A simple path tracer on the GPU

There comes a time in any graphics programmer's life that the siren song becomes too loud to endure:

"You should write a raytracer"

For me, the moment came after writing a fragment-shader raytracer in Futureproof: it was a terrible raytracer, but a lot of fun to write.

After a few weeks down the rabbit hole, I'm proud to present rayray: a tiny, slightly less-terrible GPU raytracer.

To start, here are renderings of two classic images: a Cornell Box and the test scene from Ray Tracing in One Weekend.

Cornell box Ray tracing in one weekend

(Click for high resolution, and keep scrolling for more pretty pictures)

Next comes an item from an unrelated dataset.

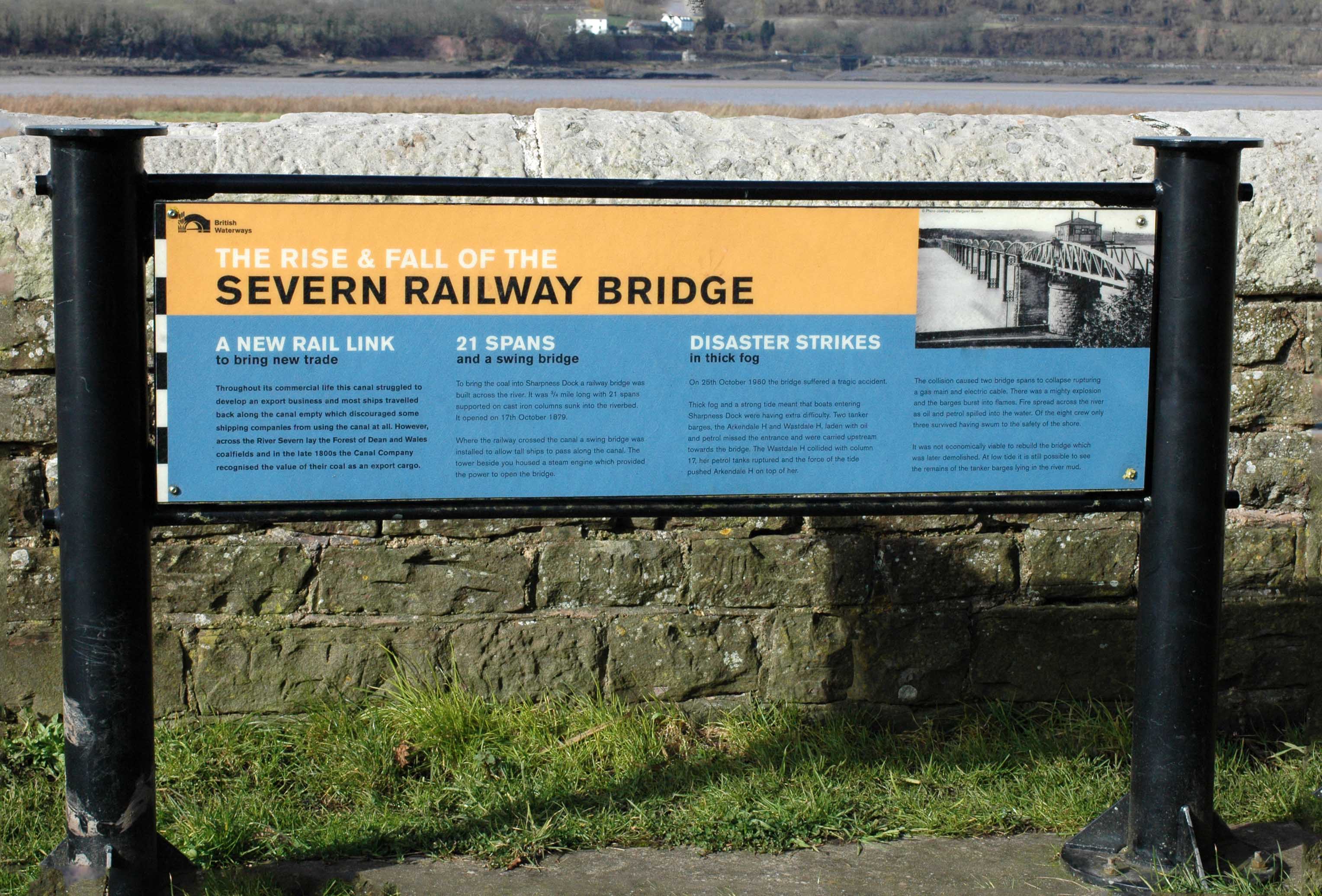 Reaching the stone structures on either side of the canal, a narrative board explains the disaster that caused the destruction of the railway bridge, built to span the river and transport coal from the Welsh mines to Sharpness dock. It had been opened on 18th October 1879 and the incident that destroyed it occurred on 25th October 1960, almost 81 years to the day later. Two tanker barges and five men were lost in the tragedy, which is referred to as The Severn Bridge Disaster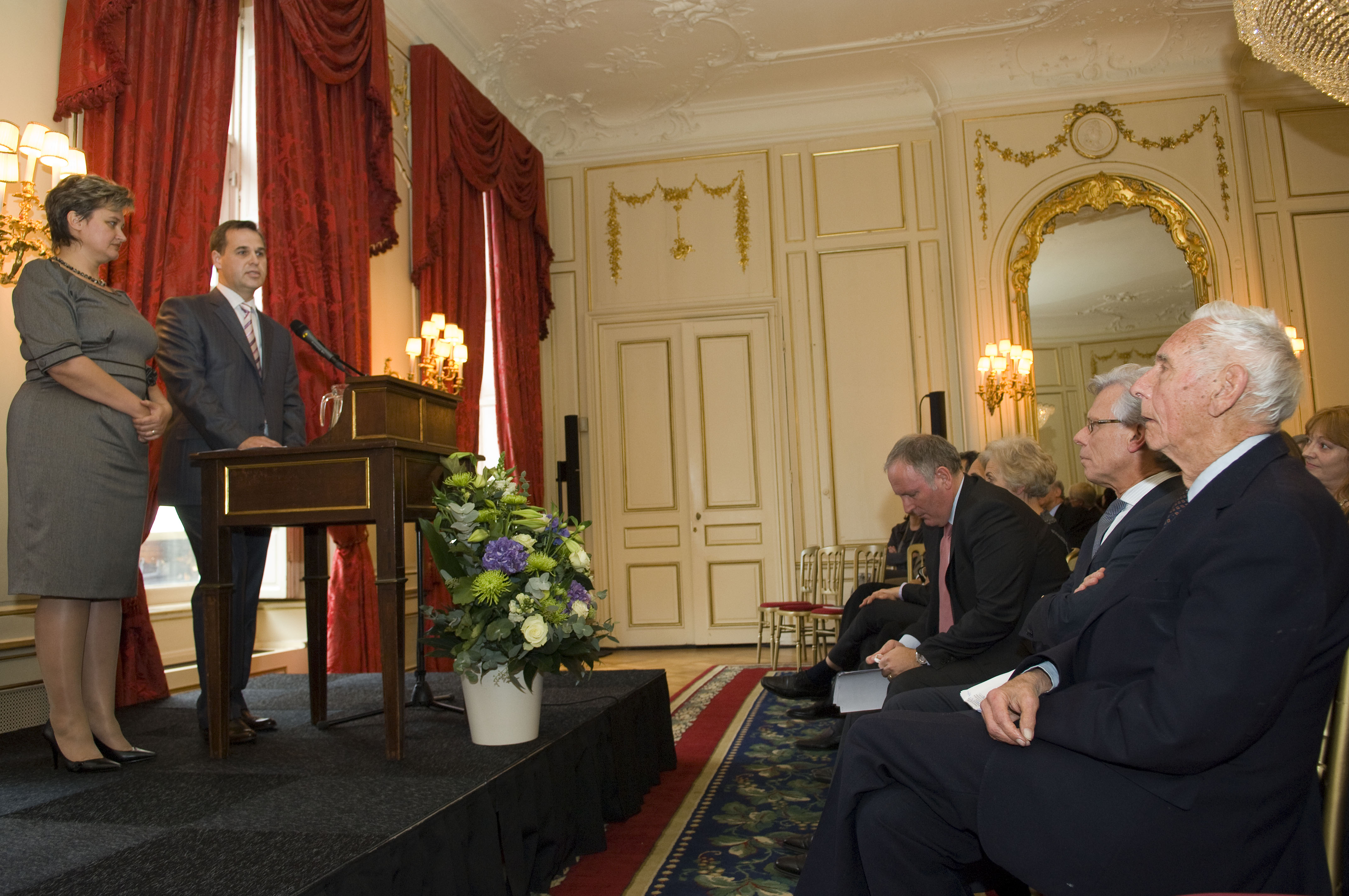 L-r: Margarita Aradzhyonia and Oleg Smirnov collect the 2009 Max van der Stoel award on behalf of the Ukrainian NGO Integration and Development Centre for Information and Research, The Hague, 14 October 2009.

rayray is a traditional forward path tracer. It casts rays from each pixel in the image, which scatter until they hit a light or exceed some max number of bounces. Averaging over thousands of samples creates the final image.

Drag the slider to compare 100 vs. 1000 samples while observing the orb:

Orb scene, relatively noisy
Orb scene, noticeably smoother

The architecture is inspired by Ray Tracing in One Weekend, but unlike the reference implementation, it runs completely on the GPU!

This require a data-driven design (rather than using inheritance), and leads to dramatically faster rendering.

All you need is trace(...)

The core of my raytracer is a function with the signature

bool trace(inout uint seed, inout vec3 pos, inout vec3 dir, inout vec4 color);

This function casts a ray to the next (nearest) object in the scene, starting at pos and traveling in direction dir. After finding this object, the ray scatters depending on material, modifying pos, dir, and color. It returns a flag indicating whether to terminate (if the ray hit a light or escaped the world).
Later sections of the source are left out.